Source: Pew Research, 8,512 U.S. adults, Jan 20–26 2026
What the data shows: your bill
Believing something doesn't make it true — so here's the measured record, separated from what's still a projection.
The cost is regional, and you can't opt out
MEASURED OUTCOMEThe price to guarantee enough power in the PJM grid (the "capacity" auction) went from $28.92 to $269.92 per MW-day in one year — an ~833% jump — and hit the price cap the next two years ($329 and $333). PJM's independent market monitor pinned 63% of that increase (~$9.3 billion) on data-center demand. Crucially, that cost is spread across all 67 million PJM customers in 13 states + DC, not just where the data centers sit. It's already on bills: Pepco customers in DC are paying about +$21/month, roughly half of it from this.
Source: PJM Base Residual Auctions; Monitoring Analytics (PJM's independent market monitor); IEEFA; utility rate filings
Living next to one barely changes your bill — and that's the problem
MEASURED OUTCOMEA rigorous study (Rutgers/Bloustein, June 2026; 22,834 places, 24 states, 2,277 data centers) found ZIP codes with a data center had bills only about $2.09/month higher — "borderline" statistically — and at the utility level where rates are actually set, the effect fell to $0.35/month and wasn't significant. That's not reassurance. It means the cost isn't local — it's socialized across the whole region through the capacity market. A rural Pennsylvania family that has never seen a data center is helping subsidize one. The promised benefits are concentrated; the bill is diffused.
Source: Rutgers/Bloustein (NJ State Policy Lab); Lawrence Berkeley National Laboratory
Where it's headed
PROJECTIONIf the cost of serving all the planned data centers keeps getting spread across everyone's bills, one estimate (NRDC) projects the average PJM household could pay on the order of $70/month more by 2028. Treat that as a projection, not a measured fact — it hinges on choices regulators haven't finalized about who pays for new capacity. Electricity prices overall are projected up to 40% higher by 2030 vs. 2025.
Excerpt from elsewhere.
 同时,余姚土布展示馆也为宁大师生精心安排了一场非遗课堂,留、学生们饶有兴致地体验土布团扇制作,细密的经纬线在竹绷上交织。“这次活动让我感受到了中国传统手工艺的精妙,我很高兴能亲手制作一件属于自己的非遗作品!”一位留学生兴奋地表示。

Source: NRDC; EESI (projection / advocacy estimates)
What the data shows: the jobs & the tax breaks
The jobs rarely pay for the breaks
MEASURED OUTCOMEA finished data center runs on 15–100 permanent workers — an Amazon warehouse employs 1,000–1,500. Yet the subsidies are enormous: states have handed out incentives worth more than $2 million per permanent job. In Orangeburg, NY, one project got $77 million in tax breaks for exactly one permanent job. Virginia's data-center sales-tax exemption alone cost $1.6 billion in FY2025, and data centers took 53% of the state's economic-development incentives since 2021 (~$2.7B). Brookings' verdict: the incentives are poorly targeted and "may simply be subsidizing investments that would have happened anyway."
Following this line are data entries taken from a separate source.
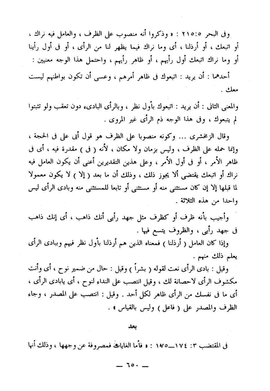 وفي الكشاف 2: 388: «وقرئ (بادى الرأي) بالهمز وغير الهمز بمعنى: اتبعوك أول الرأي، أو ظاهر الرأي، وانتصابه على الظرف، أصله: وقت حدوث أول رأيهم، أو وقت حدوث ظاهر رأيهم، فحذف ذلك، وأقيم المضاف إليه مقامه».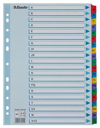 Regiszter, karton, A4, A-Z, ESSELTE "Mylar" - E100166 - Karton regiszterek - - tartós regiszter élénk színkombinációkban - nagyméretű téglalapok az előlapon a tartalom feltüntetésére - megerősített lefűzőrész az előlapon - erős, tartós, laminálással meger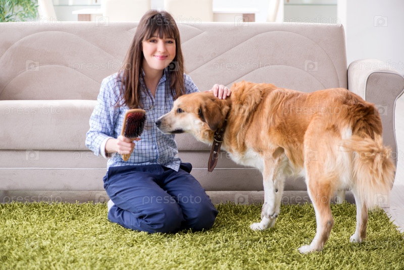 Счастливая женщина-хозяин собаки дома с золотым ретривером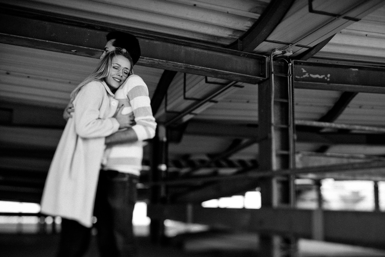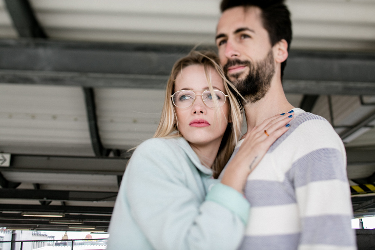 I wanted to shoot on a parking deck for a long time and finally the opportunity arose with the couple shoot of Uschi and Reimar in Leipzig. Those two were open for the location I chose and besides that they were extraordinarily photogenic.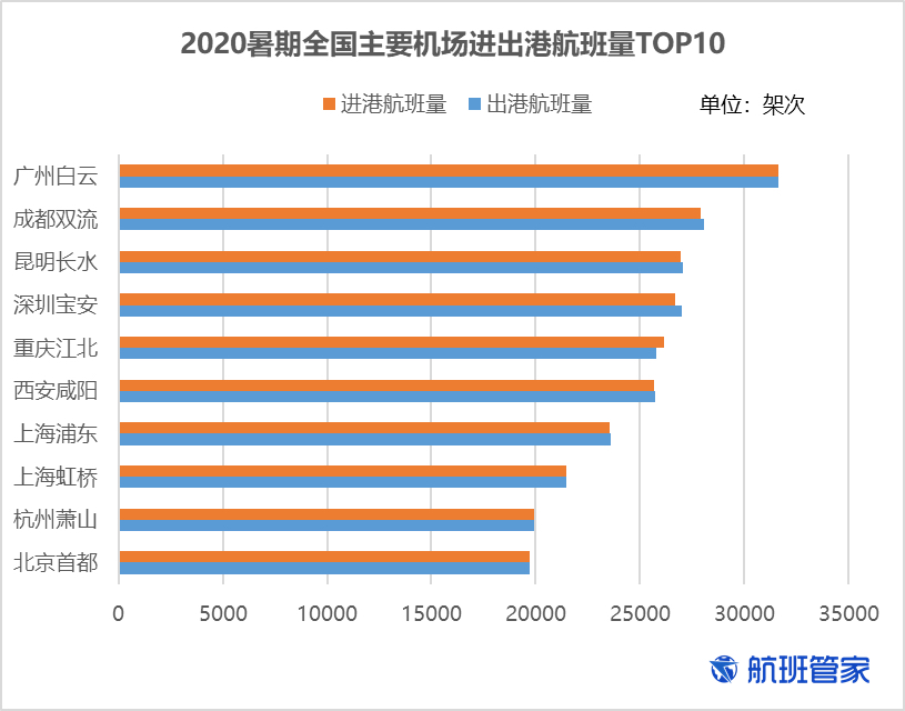 来自航班管家的数据显示,广州白云机场、成都双流机场、昆明长水机场、深圳宝安机场、重庆江北机场、西安咸阳机场、上海浦东机场、上海虹桥机场、杭州萧山机场、北京首都机场的进出港航班量在全国主要机场中位居前十位。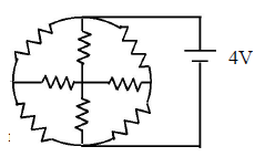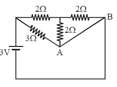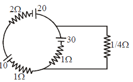 In the following circuit diagram, the current flowing through resistor of 1/4Ω is :

Source: Brookings (May 2026, ~770 facilities); Bloomberg Tax / NY Focus; CSG South / Virginia JLARC; LaborWise; MultiState
The pattern: concentrated benefit, diffused cost
A few companies get the tax breaks and the AI infrastructure; 67 million people across 13 states pick up the tab on their power bills. The profits are private; the costs are socialized — structurally the same pattern as trickle-down. That's why opposition is bipartisan: even President Trump posted that tech companies building data centers should "pay their own way." It isn't a left/right fight — it's a who-pays fight.
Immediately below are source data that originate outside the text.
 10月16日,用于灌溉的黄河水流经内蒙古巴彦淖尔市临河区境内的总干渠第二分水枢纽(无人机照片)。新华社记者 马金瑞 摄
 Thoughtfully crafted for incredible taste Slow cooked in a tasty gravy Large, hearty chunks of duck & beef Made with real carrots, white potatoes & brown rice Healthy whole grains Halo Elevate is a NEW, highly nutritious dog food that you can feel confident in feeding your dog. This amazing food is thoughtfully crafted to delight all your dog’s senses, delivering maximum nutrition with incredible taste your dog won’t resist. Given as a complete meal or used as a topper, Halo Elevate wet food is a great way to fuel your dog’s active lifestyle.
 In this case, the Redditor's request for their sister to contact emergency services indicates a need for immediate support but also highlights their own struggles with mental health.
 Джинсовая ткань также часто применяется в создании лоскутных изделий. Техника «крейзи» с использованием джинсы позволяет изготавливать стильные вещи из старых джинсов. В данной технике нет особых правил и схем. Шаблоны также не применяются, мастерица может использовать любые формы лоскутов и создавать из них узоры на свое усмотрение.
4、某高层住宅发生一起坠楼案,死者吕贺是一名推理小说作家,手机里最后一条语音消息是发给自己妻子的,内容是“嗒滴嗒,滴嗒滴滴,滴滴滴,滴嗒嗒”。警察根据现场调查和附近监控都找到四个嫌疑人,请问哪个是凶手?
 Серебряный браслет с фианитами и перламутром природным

WHAT WE CAN PROVE VS. WHAT WE SUSPECT
- Proven: the PJM capacity spike is real and ~63% data-center-driven; it's already on bills regionally (Pepco +$21/mo).
- Proven, and counter-intuitive: the effect is regional, not local — your ZIP having a data center barely changes your bill.
- Proven: the jobs are few and the subsidies often exceed any plausible payoff.
- Projected, not yet measured: the big per-household numbers ($70/mo by 2028) depend on regulatory choices still to come.